Ashe pushed through the crowd keeping her eyes fixed on the white hair moving somewhere ahead of her. The crowd was indifferent to her pace and the boy seemed to use that intentionally, slipping through gaps that quickly closed behind him.
For a while she could still track him by the color of his hair, which stood out the same way hers probably did, pale enough to catch light from almost any angle. She used it as a fixed point, adjusting her direction each time the crowd moved and obscured him. Eventually though, the white hair simply disappeared among the multitude. She turned slightly, checking her peripheral range, wondering if he had changed direction while she was avoiding an obstacle, but no, she just couldn't see him anywhere anymore.
She slowed, scanning the space ahead of her. It was a new place, different from the market she had found herself in earlier. Here, everything seemed rawer. There was a lot of shouting in response to something Ashe couldn't put together initially, while the density of people had increased around her even more, clustering in groups that reacted to any given noise. Eventually she figured out that she had followed the boy into a fighting arena.
The exterior ring was formed of people standing and watching, pressed close together. Beyond them, a rough barrier constructed from salvaged fencing and rope marked the boundary of the fighting area itself. Inside it, two people were engaged in a match that had most likely been going on for quite some time, judging by how strongly the crowd had already taken sides. Along the far wall, a bar occupied a long table, with several people behind it moving quickly and several more people in front of it doing the same.
Ashe tried to see past the crowd, searching for the boy. She could have sworn he had come this way, but with each passing second, her certainty began to fade.
She was trying to find a vantage point from which she could survey the full space better when a drunk man to her left lost his balance without warning and lurched into her. The impact knocked her off course entirely. She stumbled, caught herself on the person in front of her, who moved aside instinctively, and suddenly she was at the fence. She gripped it to steady herself and looked up.
Two fighters occupied the ring in front of her.
The first was broad across the shoulders with one of his arms being mechanical from below his elbow, which is why he used it with surprising agility. The second fighter, on the other hand, was taller and leaner, with dark hair and a mask of layered cloth covering the lower half of his face. Above the mask, his eyes were a very particular shade of green, bright enough to stand out even in that light.
Ashe watched the fighters for a moment, then looked away, scanning the crowd for the boy. She was beginning to accept that she had lost him when a collective sound rose around her. She turned instinctively, just in time to see the masked fighter slammed against the fence on the far side of the ring. His opponent had driven him back at high speed, making the entire structure shudder.
In that moment she had a clear line of sight and recognized him right away. He was the same masked man she had encountered back at the facility, the one who had given her the vial. She couldn't see his face below the eyes, but there was something in the line of his shoulders and in the way he held himself that brought her back to that moment immediately.
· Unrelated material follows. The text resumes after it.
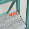 Bruksslitage. Stegens klädsel har släppt något i limningen.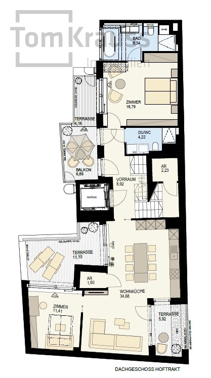 Exclusive 3-room courtyard apartment with spacious roof terrace in a top city location. Just a few steps away from Karmelitermarkt, it combines urban flair with relaxed tranquillity. A real highlight for discerning city dwellers!

She moved closer to the fence and that's when he was able to see her as well. When his gaze crossed hers, his expression suddenly changed and he stopped trying to work his way out of that disadvantageous position. For a fraction of a second he lost focus of the fight entirely. His opponent though, didn't waste the opportunity.
The punch was clean and delivered with such force that it sent the green-eyed man across the ring entirely. His body hit the ground on the opposite side, raising unanimous sounds from the crowd. The mask came free as he landed and slid a short distance across the ground.
Ashe reached the near side of the ring and pressed her hands against the fence, looking at the man on the ground as he was pushing himself up slowly. Eventually she was able to see his face clearly for the first time.
"It's you," she said.
He looked at her for a few moments, as if second-guessing himself. Then he raised one hand toward the gathered crowd which caused the shouting around her to change again. In the language they understood, the gesture seemed to mark the end of the match altogether. Disappointment and celebration immediately collided, mixing into an avalanche of emotion everywhere.
The green-eyed man got to his feet and retrieved his mask from where it had landed, but didn't put it back on. Instead, he moved toward the fence exit without looking at the people pressing in around him, several of whom had complaints about money and bets that had been placed on his winning tonight. He passed them with complete indifference. One of them even shouted his name: Connor.
He pushed through the gate and came toward her directly.
"What are you doing here?"
"You were there," Ashe said. "Back at that place. You were with them."
"Keep your voice down," Connor said, glancing to either side of the area. "And I didn't do anything."
"But your friends did."
"I said keep your voice down."
He took her by the hand and guided her away from the ring toward a section where the noise was lower and the light was dimmer. When they reached it he let go and turned to face her, looking at her the same way she remembered from before, as if reading more than just the surface of what was in front of him.
"I'm glad you made it though," he said finally.
He reached for her hands and turned them over, studying them carefully, then checked her arms above the wrist where the blackening had once spread. That's when she understood. He knew what that thing was, and he understood its implications far better than she did.
He released her hands and looked at her directly.
"This place isn't safe for you," he said, glancing toward the crowd behind them, then back. "Come. Stay close."